As a pediatric clinical specialist, you will solely focus on treating physical conditions affecting young people (newborns to teenagers). Here, you will deal with conditions like autism, cerebral palsy, and cystic fibrosis, among others.

an orthopedic doctor helping with the treatment of a young girl

Electrophysiologic Clinical Specialist (ECS)

This is one of the newest physical therapy specializations. It deals with muscle and nerve damage caused by wounds or compromised skin integrity.

Women’s Health Specialist (WCS)

In physical therapy, a women’s health specialist deals with conditions affecting women (menopause, pregnancy). As a WCS, you will be helping women deal with postpartum and postpartum experiences, such as low back pain and incontinence, among others.

Sports Clinical Specialist (SCS)

An SCS works with amateur and professional individuals participating in any sporting activity like the Olympics. Your role as a SCS includes the following:

  • Sports medications management
  • Rehabilitations
  • Injury management

Benefits of Physical Therapy Education

There are several benefits of PT education, and they are:

  • Physical therapy helps patients recover from traumatic injuries
  • PT helps lower the risk of patients aggravating their injuries.
  • It helps reduce chronic pain
  • It helps improve patients’ balance and mobility.
  • It can help improve athletic performance.

Impact of physical therapy programs on healthcare outcomes

Currently, it is estimated that there are over 3.2 million deaths yearly due to a sedentary lifestyle, leading to some non-communicable health conditions like diabetes and cardiovascular diseases. Physical therapy addresses the need for an active lifestyle, and a PT can help you develop an exercise routine that will lower your risk of having these health conditions.

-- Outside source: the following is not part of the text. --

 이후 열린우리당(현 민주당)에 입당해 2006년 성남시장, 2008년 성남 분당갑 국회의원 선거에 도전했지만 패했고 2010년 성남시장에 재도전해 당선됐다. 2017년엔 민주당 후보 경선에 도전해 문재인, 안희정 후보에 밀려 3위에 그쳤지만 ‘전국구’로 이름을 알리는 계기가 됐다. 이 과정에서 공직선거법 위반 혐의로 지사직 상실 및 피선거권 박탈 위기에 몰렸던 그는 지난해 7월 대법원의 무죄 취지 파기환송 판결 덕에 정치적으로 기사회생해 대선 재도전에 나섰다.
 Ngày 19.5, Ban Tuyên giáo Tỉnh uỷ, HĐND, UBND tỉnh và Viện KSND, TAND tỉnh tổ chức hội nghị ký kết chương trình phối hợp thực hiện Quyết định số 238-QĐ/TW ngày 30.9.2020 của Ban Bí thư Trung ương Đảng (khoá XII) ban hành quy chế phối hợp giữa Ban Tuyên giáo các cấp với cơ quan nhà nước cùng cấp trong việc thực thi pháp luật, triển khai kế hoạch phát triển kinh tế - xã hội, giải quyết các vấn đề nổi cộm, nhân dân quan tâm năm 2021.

Role of physical therapists in promoting wellness and quality of life for patients

Apart from helping patients with rehabilitation, physical therapists play a crucial role in promoting general fitness by encouraging active lifestyles. A PT will prescribe activities to improve patient fitness and assist people in overcoming environmental and personal barriers to active lifestyles.


PTs usually use noninvasive and nonpharmacological interventions, such as patient education, expert knowledge, wellness, and fitness, to deliver health-focused strategies that help in preventing and managing non-communicable diseases. The time a PT spends with patients creates an intimate and trusting relationship, creating a conducive environment for promoting wellness.

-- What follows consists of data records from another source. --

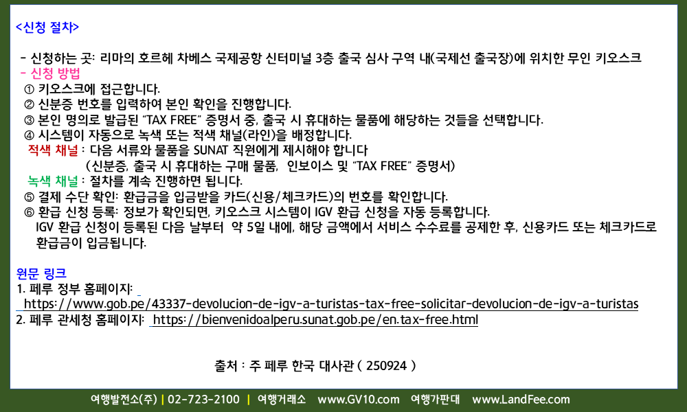 [페루] 페루, 관광객 대상 -> 부가가치세 ( IGV ) 환급 (Tax Free) 신청 정보 - 25년 9/24 현재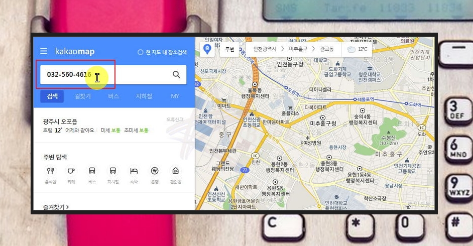 보통 카카오맵 사이트를 이용할 때 건물 이름이나 주소를 입력하는데요. 여기에 모르는 전화번호를 입력해 보세요. 그래도 검색이 돼요.
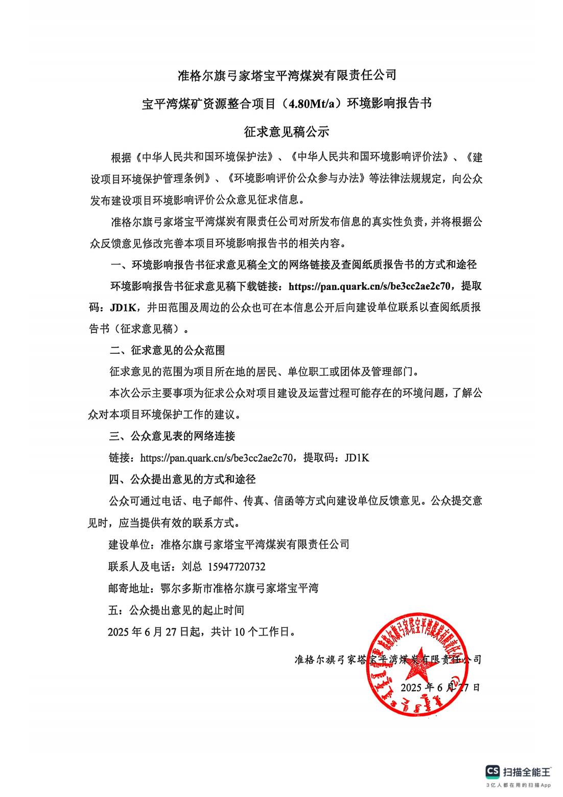 寶平灣煤礦環(huán)評征求意見稿PDF下載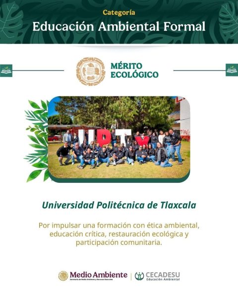 Este reconocimiento, otorgado desde 1993, busca visibilizar acciones en favor de la protección y restauración del patrimonio natural y biocultural del país, y posiciona a la UPTLAX como referente nacional en educación ambiental y en la promoción de una cultura de sostenibilidad.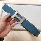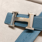 HM H D'ANCRE BELT BUCKLE & REVERSIBLE BLUE GREEN LEATHER STRAP 38 MM SILVER HARDWARE

A physical therapist uses the following key behaviors while assisting patients to improve the quality of their lives:

  • Quit smoking
  • Weight control
  • Physical activities
  • Stress reduction
  • Good nutrition
  • Control their sleeping cycle

a licensed physical therapist discouraging the patient from smoking

Contribution of physical therapy education to the healthcare system

The physical therapy field plays a crucial role in providing comprehensive healthcare. The following are some of the ways physical therapy education contributes to the healthcare system:

  • Enhancing collaborative skills
  • Holistic patient care
  • It offers a broader perspective
  • Adaptability
  • Fosters a culture of respect
  • Offers a lifelong learning experience


Deciding to pursue any specific career can take time and effort.

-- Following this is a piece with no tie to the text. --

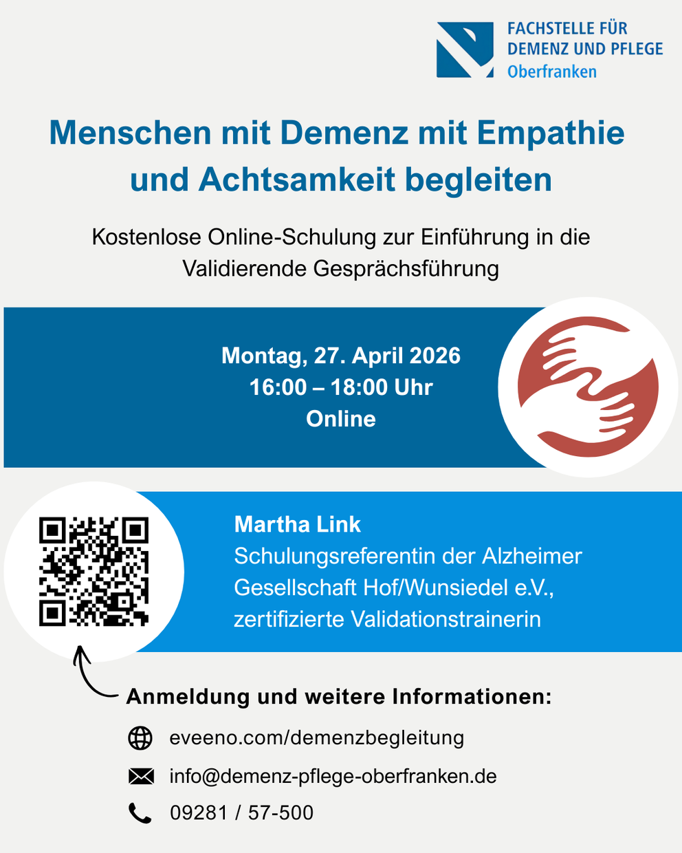 Die Fachstelle für Demenz und Pflege Oberfranken lädt am Montag, den 27. April 2026, zu einem kostenlosen Online-Vortrag über die validierende Gesprächsführung im Umgang mit Menschen mit Demenz ein.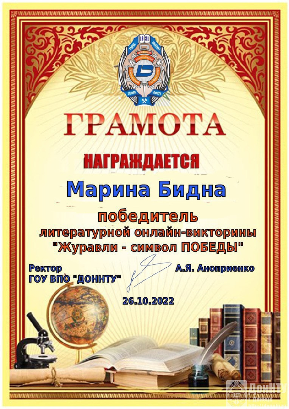 В научно-технической библиотеке ДонНТУ 21–22 октября состоялась литературная онлайн-викторина «Журавли – символ Победы», приуроченная к Международному дню белых журавлей, инициатором которого является народный поэт Дагестана Расул Гамзатов.

If you want to help people improve the quality of their lives through hands-on care, patient education, and prescribed exercises, then you are on the right track. Once you become a physical therapist, you can use your in-depth medical training to deliver expert patient care. You will work closely with other healthcare professionals, such as nutritionists and general practitioners.

Although the path to graduating as a physical therapist isn’t easy, the results are worth it. Watching a patient who could not stand due to debilitating back pain stand comfortably without pain can be a sight to behold. We wish you the best of luck in your physical therapy school journey.